Emilka z „Rolnicy. Podlasie” pod lupą fundacji pomagającej zwierzętom
13 sierpnia br. Lola, suczka Emilii Korolczuk z „Rolnicy. Podlasie”, została poddana operacji, której przyczyną było ropomacicze.
O sprawie rolniczka poinformowała na prowadzonym przez siebie profilu na Facebooku. Emilka, jak zwykle, spotkała się z pozytywnym odbiorem wśród obserwujących, którzy życzyli Loli powrotu do zdrowia i siły. Niestety, zachowanie rolniczki nie przypadło do gustu jednej z fundacji, która oceniła jej podejście do chorego zwierzęcia jako „beztroskie”.
– Nieszczęsna fundacyjka "pomagająca" zwierzakom szuka rozgłosu, oskarżając mnie o beztroskie podejście do moich zwierząt i złe warunki... Serio, chyba mało zwierząt potrzebuje pomocy, skoro mają tyle czasu na wyszukiwanie i wypisywanie głupot – skomentowała sytuację rolniczka, dołączając w poście link do wpisu, w którym fundacja komentuje postępowanie z psem.
Czy psy na Podlasiu są źle traktowane?
Z postu, do którego dotarła rolniczka, dowiedziała się nie tylko, że ma „beztroskie” podejście do choroby Loli, ale również, że na Podlasiu „psy nie mogą liczyć na odpowiedzialne traktowanie”.

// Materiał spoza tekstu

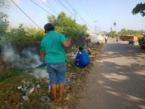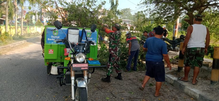 DUMAI — (SNI) — Melalui Babinsa Kelurahan Bumi Ayu – Kecamatan Dumai Selatan Serma Sukardi, Koramil 01 melaksanakan kegiatan gotong royong. Kegiatan ini dilaksanakan dengan tujuan untuk membersihkan lingkungan dan sisi jalan utama di RT 06, (18/3).

Taka postawa fundacji nie spodobała się fanom Emilki, którzy niemal natychmiast stanęli w jej obronie:
– Sami właśnie wydaliście na siebie wyrok i zrobiliście sobie opinie na całą Polskę – stwierdziła jednak z obserwatorek.
– Wasza "fundacja" niech się zajmie poważniejszymi rzeczami, a nie jedną z najlepszych osób hodujących zwierzęta... – napisał komentujący.
– Proszę się nie przejmować durną fundacją, pozdrawiam – stwierdziła fanka.
Czym jest ropomacicze?
Ropomacicze to nic innego, jak zapalenie macicy, które występuje u suk w wieku od 6 do 8 lat. Wyróżnia się ropomacicze otwarte, objawiające się wyciekiem wydzieliny z pochwy i zamknięte, trudniejsze do zdiagnozowania, bo nie towarzyszą mu żadne wycieki z pochwy.
Pojawia się w okresie od 1,5 do 2 miesięcy po ostatniej rui, czyli w fazie lutealnej cyklu płciowego lub tuż po niej. Zdarza się jednak, że ropomacicze nie jest poprzedzone rują.